In today’s business environment, where vendors can sometimes provide essential services and
house sensitive business data, managing critical relationships with vendors is more important
than ever. In the financial sector, there is an increase in regulatory oversight surrounding proper
vendor management. The Vendor Management application specified in this document intends to
fill this business need for managing vendors and providing an audit trail for regulators.
This application was initially designed for Ent and is based upon Ent’s vendor management
policies and procedures, and industry best practices.
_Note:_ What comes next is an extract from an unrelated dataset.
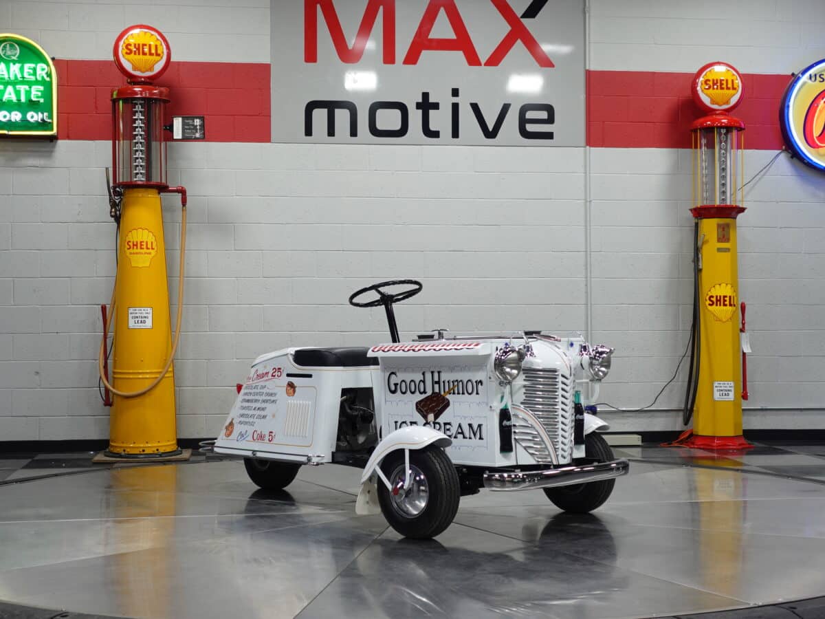 Here’s a comprehensively restored and highly detailed 40s era Cushman Good Humor 3-wheel scooter. The beautiful white paint is complemented by all-hand-painted graphics and striping that make this scooter a true work of art. It’s powered by a Cushman single cylinder engine with a 2⅞ inch bore and 2¾ inch stroke. Even the engine is pretty. A fully functional cooler box is foam insulated. Dual bells alert customers of your arrival. In back is a roomy locking storage compartment. Chrome headlight housings and bumpers add to appearance, and a coil suspension helps with the handling. A functional and charming historic vehicle, this 40s era Cushman Good Humor 3-wheel Scooter is a great addition to any collection. Be sure to see the detailed photos at www.maxmotive.com.
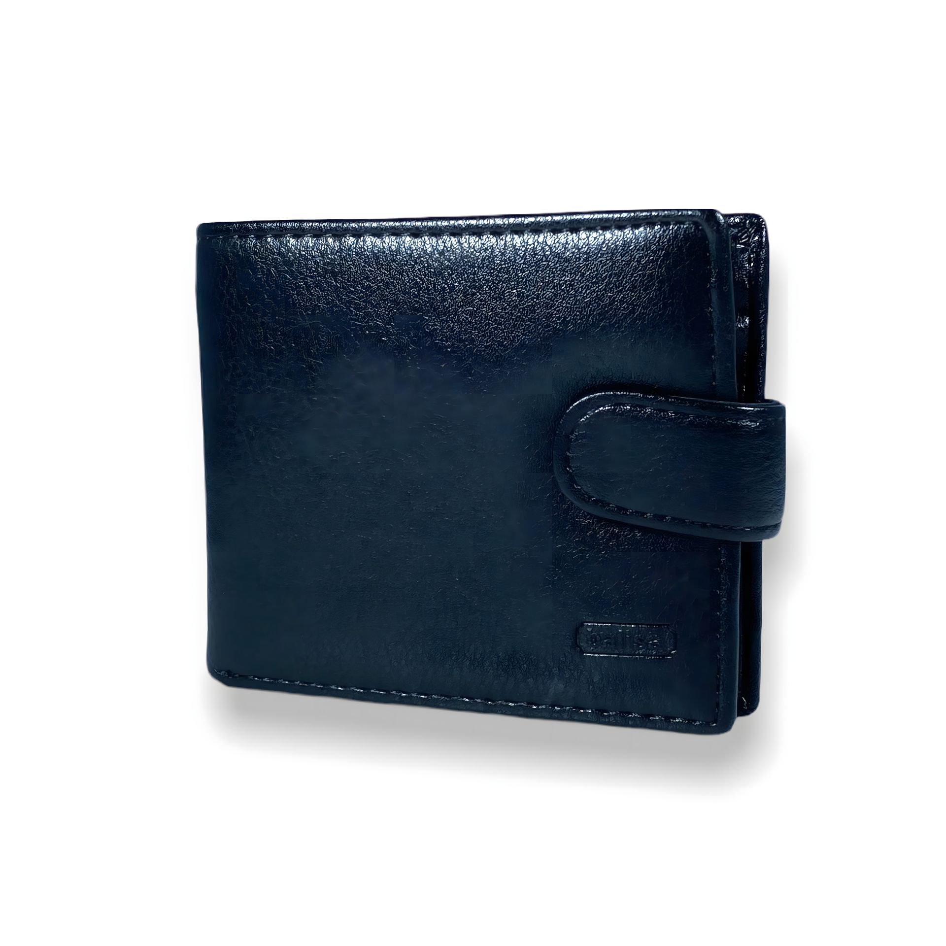 Мужской кошелек изготовлен из качественного кожзаменителя и имеет два отделения для бумажных денег равно на молнии. Есть одно прозрачное отделение. Предусмотрено шесть ячеек для пластиковых карточек. Внутреннее отделение монет на кнопке. Кошелек фиксируется кнпкой

The application is designed to be used by
multiple institutions in a hosted environment, with the intention that Ent would host this
application for use by other Credit Unions.
The application will be a web application built using the latest Microsoft technologies, ASP.NET,
C#, LINQ, and use a SQL Server 2005 backend database.
3. Design Considerations
This section describes many of the issues that will need to be addressed or resolved.
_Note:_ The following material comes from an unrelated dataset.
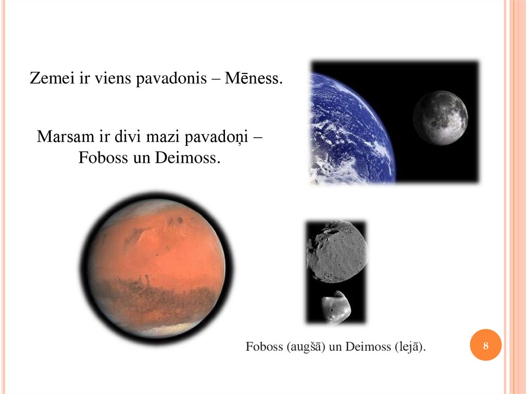 Zemei ir viens pavadonis – Mēness.Marsam ir divi mazi pavadoņi –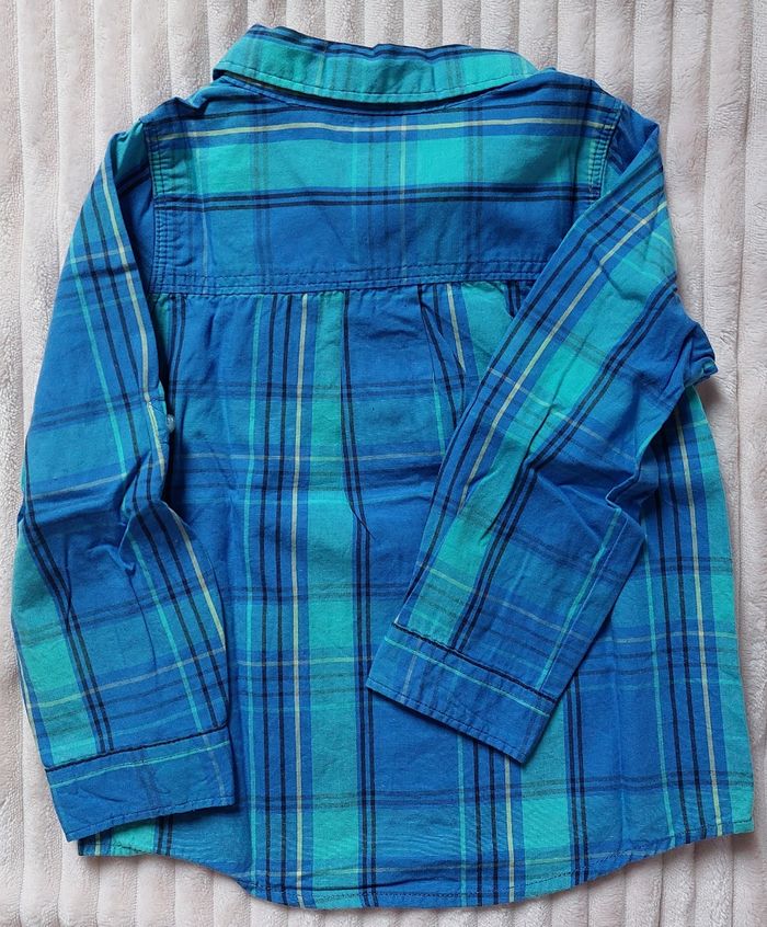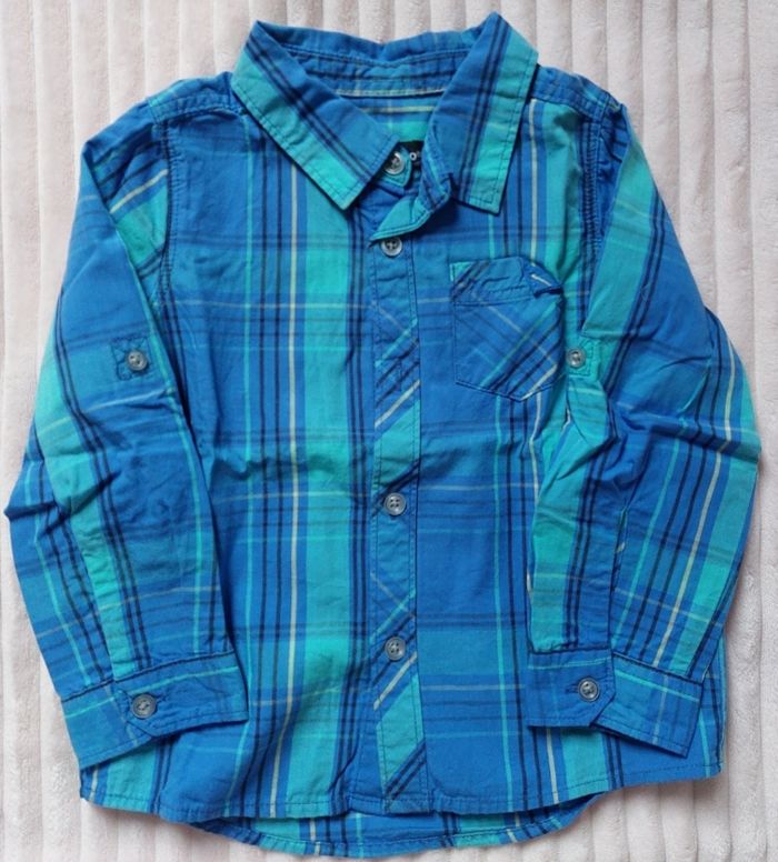 Chemise manches longues 18 mois, 86 cm, in extenso Bleu et vert, en coton Fermeture à boutons 2€

4. Architectural Strategies
4.1. Architectural Style
The system will utilize the modularity of a 3-logic tier architecture in order to separate the
concerns of these distinct functionalities (see Figure 1).
The business entities and data access layer will utilize the Microsoft Language Integrated
Query (LINQ) technology. LINQ’s builds all of the business entities based off of the design of
the database.
Test Driven Developed (TDD) is the development methodology utilized in this project.
Microsoft Test through Visual Studio 2008 will be utilized for building the unit tests that will
be used for the services layer, where the majority of the business log resides.
One of the requirements is to allow the look and feel of the application to change based on
the institution using the application. Microsoft Master Pages and themes will be used to
implement this feature.
In general the design tries to take advantage as much as possible any Microsoft functionality
available. For example the authentication, object relational mapping (ORM), navigation,
exception management, themes, and configuration management all utilize existing asp.net
technologies.
Application configuration settings will utilize the standard .NET configuration management
libraries, with the majority of the configuration settings contained in the web.config.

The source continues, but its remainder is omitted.